Prepare the gel solutions (HIGH, LOW, plug and stacking gel) in 50 ml tubes, on ice, as described on Table 2 (the APS solution is added just before starting pouring the gel). For bacteria amplicons analysis, a 30-60 % gradient is usually used. Prepare 1 ml of plug gel solution (1,5 ml 0 % solution + 4,5 ul TEMED + 15 ul APS) and pour it at the bottom of the DGGE plate cassette (between glass plates) prior to make the main resolving gradient gels. It will prevent leakage from the bottom of the plates. For casting gradient gels, a gradient former, a magnetic stirrer and a peristaltic pump (BioRad) is used. Rinse the gradient maker and tubes with demi-water, switch on the pump at running speed (20 ml/min) and drain the system.
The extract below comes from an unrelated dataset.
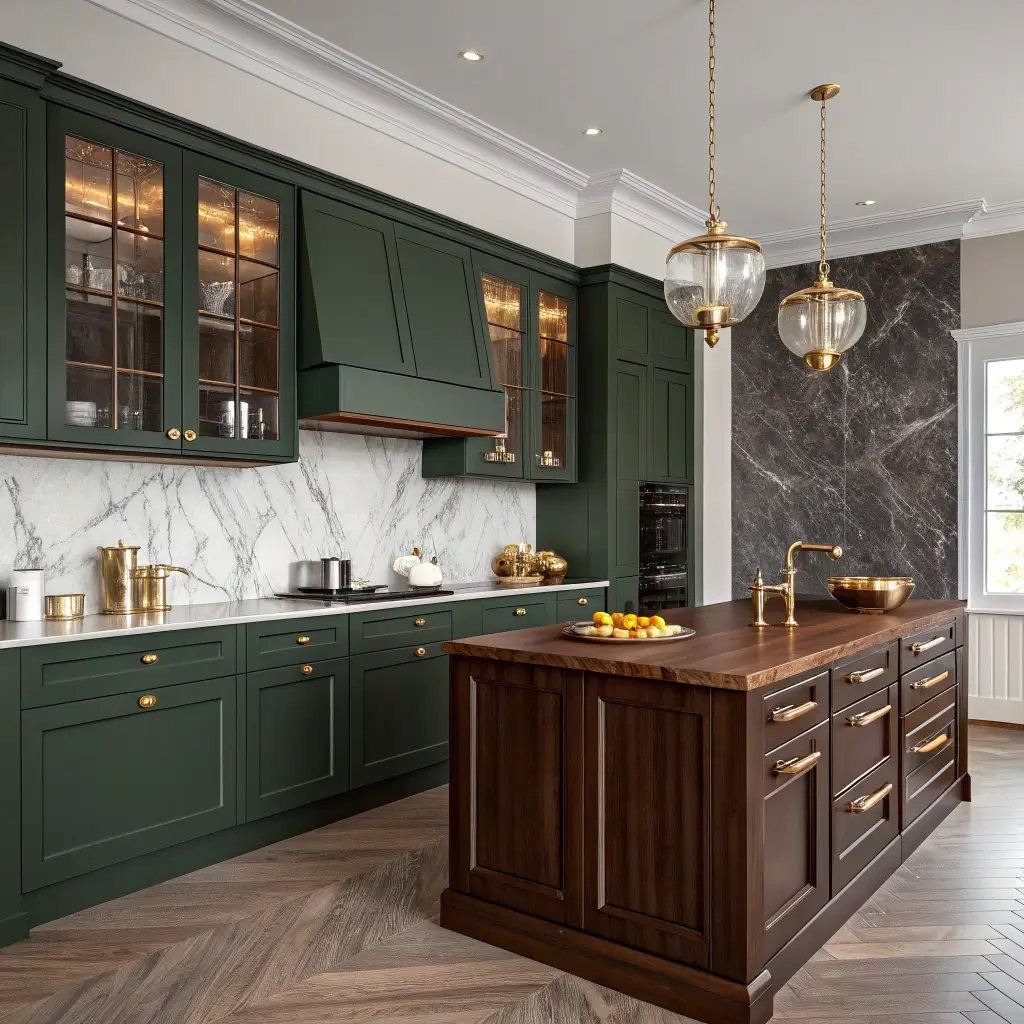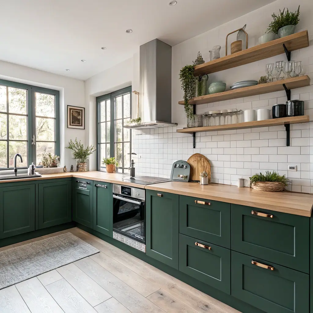 What makes this combo sing? The contrast between deep green and light wood creates visual interest without overwhelming the space. Think ash wood floating shelves against those green cabinets, or maybe a light oak breakfast bar. The key here is keeping the wood accents minimal but impactful.

Close the screw between the compartments of the gradient maker. Dry the compartments with a tissue. Add 10% APS to the HIGH and LOW solutions and pour it in the right and left compartment, respectively. Start the stirrer. Open the screw and immediately start the pump at 4 ml/min. Place the needle between the glass plates and secure the tube. Remove the needle when the gel is poured, switch off the pump and transfer to the erlenmeyer flask. Rinse the compartments with demi-water, switch on the pump and drain the system.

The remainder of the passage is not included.